Owning the agenda:
using machine learning to observe dynamics in issue salience

Professor Andrea Carson

La Trobe University

Professor Simon Jackman

University of Sydney

13 December 2022

Coverage of 2022 campaign widely criticised

  • light on substance and over-reliant on standard tropes of election coverage:
    • live vision of the ceremonial visit to the GG
    • televised “shouty” leader debates
    • the campaign “launches”
    • daily briefings, appearances & stunts by leaders
    • resulting “gotchas” & gaffes keenly sought by a media starved for compelling content.

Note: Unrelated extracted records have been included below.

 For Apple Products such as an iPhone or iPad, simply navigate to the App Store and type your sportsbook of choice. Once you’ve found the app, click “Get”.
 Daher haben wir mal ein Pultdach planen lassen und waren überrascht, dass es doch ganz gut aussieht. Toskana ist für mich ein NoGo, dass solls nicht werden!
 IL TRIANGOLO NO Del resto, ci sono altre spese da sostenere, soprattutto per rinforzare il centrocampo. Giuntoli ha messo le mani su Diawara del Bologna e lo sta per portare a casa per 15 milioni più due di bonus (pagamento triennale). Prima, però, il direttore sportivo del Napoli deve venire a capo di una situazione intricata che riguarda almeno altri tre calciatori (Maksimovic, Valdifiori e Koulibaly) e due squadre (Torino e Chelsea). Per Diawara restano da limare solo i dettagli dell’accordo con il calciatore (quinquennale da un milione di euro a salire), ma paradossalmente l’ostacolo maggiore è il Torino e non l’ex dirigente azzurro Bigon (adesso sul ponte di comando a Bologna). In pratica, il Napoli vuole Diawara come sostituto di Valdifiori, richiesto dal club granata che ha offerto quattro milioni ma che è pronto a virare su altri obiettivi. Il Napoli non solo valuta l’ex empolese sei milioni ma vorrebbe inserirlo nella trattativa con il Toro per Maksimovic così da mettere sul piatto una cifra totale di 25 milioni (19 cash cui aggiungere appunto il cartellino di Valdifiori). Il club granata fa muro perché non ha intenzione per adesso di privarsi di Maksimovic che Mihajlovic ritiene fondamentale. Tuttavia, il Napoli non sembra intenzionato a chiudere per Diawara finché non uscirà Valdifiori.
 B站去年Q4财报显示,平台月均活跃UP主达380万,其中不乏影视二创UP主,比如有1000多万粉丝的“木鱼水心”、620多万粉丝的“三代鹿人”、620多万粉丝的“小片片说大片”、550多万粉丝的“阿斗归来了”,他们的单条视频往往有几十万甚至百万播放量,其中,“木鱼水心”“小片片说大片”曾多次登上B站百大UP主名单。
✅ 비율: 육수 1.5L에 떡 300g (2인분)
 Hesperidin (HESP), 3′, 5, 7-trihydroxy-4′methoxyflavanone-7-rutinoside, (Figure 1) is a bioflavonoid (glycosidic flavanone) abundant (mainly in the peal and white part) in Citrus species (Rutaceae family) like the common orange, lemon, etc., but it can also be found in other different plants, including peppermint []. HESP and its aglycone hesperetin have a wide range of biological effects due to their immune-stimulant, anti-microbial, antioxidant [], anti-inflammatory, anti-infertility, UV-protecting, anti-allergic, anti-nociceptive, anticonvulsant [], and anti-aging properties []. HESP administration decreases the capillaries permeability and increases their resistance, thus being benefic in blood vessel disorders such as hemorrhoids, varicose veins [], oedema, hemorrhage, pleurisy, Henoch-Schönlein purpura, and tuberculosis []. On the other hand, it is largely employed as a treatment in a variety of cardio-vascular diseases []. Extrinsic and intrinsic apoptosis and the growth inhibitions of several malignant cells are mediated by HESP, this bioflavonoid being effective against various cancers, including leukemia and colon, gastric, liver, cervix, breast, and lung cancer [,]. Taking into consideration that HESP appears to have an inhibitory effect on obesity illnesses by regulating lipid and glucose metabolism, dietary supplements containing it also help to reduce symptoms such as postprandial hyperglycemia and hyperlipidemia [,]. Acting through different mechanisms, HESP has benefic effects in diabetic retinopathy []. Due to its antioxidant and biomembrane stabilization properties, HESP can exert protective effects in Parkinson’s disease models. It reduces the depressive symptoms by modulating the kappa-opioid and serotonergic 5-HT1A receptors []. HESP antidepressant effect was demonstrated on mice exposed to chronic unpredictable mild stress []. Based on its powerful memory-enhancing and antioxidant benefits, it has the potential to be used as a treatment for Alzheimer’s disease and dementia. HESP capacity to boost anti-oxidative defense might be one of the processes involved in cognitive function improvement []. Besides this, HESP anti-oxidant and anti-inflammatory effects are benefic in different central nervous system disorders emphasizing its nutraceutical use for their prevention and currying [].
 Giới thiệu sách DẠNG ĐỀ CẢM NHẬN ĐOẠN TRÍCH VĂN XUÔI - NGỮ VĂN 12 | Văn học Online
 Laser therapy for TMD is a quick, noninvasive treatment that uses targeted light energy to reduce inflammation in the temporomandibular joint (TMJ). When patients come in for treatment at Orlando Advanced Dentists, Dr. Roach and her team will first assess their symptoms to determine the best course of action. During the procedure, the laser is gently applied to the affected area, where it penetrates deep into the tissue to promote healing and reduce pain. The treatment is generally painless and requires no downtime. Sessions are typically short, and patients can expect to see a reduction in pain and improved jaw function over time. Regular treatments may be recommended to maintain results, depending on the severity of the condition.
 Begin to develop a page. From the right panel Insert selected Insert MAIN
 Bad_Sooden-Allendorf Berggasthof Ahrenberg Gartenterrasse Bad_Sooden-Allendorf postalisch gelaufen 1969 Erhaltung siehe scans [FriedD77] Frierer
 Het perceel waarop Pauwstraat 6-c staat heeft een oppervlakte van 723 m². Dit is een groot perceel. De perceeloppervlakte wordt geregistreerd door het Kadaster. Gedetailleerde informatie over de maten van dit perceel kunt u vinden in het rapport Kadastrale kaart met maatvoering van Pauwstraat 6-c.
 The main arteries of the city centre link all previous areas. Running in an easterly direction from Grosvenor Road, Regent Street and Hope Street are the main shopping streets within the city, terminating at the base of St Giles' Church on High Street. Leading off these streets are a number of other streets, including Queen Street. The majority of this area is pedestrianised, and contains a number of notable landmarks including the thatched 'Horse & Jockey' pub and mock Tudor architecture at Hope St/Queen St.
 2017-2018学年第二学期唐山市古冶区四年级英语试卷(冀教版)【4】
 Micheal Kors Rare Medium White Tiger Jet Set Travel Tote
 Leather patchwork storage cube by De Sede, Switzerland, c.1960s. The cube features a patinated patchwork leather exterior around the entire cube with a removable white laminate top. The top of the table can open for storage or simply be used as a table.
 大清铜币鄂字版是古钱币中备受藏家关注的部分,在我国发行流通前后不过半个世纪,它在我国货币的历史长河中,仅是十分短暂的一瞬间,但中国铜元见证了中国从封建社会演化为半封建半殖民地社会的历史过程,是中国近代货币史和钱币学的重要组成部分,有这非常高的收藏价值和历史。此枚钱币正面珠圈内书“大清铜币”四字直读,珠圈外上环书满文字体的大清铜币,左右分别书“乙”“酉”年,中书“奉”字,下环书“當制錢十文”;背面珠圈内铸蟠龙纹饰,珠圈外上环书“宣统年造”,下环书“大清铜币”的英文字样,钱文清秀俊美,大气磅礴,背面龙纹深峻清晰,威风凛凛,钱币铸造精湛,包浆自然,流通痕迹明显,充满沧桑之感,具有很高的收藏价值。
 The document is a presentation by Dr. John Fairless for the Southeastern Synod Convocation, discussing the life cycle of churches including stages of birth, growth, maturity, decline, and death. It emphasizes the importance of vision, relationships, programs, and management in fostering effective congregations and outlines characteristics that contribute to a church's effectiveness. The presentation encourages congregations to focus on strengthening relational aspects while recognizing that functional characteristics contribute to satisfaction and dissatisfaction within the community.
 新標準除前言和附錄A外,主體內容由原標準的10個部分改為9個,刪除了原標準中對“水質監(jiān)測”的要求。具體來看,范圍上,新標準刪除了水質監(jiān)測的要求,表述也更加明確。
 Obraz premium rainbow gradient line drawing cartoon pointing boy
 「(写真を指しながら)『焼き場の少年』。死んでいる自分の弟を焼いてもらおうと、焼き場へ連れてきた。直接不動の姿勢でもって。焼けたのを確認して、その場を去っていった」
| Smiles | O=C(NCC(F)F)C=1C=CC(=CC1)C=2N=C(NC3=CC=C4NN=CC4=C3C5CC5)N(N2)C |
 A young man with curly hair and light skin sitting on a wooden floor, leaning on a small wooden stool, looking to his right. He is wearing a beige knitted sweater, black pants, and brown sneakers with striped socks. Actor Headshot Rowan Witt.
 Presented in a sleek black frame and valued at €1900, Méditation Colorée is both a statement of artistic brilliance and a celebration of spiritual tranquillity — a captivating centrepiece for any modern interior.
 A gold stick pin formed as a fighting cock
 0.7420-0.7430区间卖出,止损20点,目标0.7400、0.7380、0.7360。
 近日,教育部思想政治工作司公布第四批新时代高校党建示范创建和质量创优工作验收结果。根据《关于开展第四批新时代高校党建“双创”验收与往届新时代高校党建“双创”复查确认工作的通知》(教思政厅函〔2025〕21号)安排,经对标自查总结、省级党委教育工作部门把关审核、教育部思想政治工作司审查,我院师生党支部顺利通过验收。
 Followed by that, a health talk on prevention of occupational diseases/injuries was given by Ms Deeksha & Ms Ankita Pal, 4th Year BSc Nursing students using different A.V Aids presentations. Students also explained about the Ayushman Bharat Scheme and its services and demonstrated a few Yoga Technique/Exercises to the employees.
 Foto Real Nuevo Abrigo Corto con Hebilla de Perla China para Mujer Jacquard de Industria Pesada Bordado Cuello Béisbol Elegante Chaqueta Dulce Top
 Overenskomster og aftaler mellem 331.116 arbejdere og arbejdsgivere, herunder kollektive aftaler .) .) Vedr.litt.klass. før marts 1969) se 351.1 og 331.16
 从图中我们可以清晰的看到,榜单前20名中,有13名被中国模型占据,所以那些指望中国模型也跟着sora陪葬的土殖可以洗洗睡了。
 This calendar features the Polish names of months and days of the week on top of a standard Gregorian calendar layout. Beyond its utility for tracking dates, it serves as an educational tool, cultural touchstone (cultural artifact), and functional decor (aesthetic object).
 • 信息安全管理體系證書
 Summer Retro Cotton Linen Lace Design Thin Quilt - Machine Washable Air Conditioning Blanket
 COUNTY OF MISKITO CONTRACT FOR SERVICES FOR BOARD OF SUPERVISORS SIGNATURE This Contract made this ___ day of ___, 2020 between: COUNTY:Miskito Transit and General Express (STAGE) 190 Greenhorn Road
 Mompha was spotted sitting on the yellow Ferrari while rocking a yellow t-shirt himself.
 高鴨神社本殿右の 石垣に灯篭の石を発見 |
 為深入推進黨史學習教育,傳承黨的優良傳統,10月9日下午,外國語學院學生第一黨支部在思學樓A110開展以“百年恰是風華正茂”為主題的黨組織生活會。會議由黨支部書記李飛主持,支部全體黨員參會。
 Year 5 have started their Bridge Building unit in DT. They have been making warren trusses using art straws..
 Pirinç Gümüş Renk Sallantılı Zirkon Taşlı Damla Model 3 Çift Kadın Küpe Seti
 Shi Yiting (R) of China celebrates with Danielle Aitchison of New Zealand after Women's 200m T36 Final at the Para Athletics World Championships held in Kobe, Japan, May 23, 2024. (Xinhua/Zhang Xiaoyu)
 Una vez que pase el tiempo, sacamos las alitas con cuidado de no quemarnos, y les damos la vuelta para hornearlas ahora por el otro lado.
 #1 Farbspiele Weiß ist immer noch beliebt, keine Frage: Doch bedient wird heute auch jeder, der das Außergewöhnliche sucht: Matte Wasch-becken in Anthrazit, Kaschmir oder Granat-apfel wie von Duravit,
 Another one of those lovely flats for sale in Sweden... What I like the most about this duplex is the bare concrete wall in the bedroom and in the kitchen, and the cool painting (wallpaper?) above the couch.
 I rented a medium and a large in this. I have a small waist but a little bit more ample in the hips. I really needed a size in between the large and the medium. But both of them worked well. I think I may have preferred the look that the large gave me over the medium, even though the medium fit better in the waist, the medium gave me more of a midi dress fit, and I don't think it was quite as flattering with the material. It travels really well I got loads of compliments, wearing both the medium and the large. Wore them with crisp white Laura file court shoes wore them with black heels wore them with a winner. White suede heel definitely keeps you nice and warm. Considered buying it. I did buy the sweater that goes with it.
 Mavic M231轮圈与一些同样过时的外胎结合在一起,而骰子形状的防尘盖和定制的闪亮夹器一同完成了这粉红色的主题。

  • #this_is_not_journalism Twitter hashtag

  • Adam Bandt, “Google it, mate”

Agenda setting and the media

  • Mixed findings over 100 years of research

  • Walter Lippman (1922) reflected on the power of the new media to present images to the public

  • Katz and Lazarsfeld (1955); Cohen (1963); McCombs and Shaw (1972).

  • Digital age (Norris 2004; Blumler 2016)

Our analysis

  • Latest AES 2022 (Macalister et al.) that shows most Australians follow election news online.

  • This allows us to better understand salience during election campaigns by seeing what the audience engages with (issue salience) rather than the past focus on what the media reports (media salience)

Data: Facebook posts by Australian media entities

  • Meta’s Crowdtangle API used to collect 98,388 Facebook posts by media entities

  • span 242 media organisations

  • FB posts published from federal election being called on Sunday 10 April 2022 until close of polls 6pm AEST Saturday 21 May 2022.

  • At the time of data collection shortly after the election, posts had attracted 34,898,854 user interactions.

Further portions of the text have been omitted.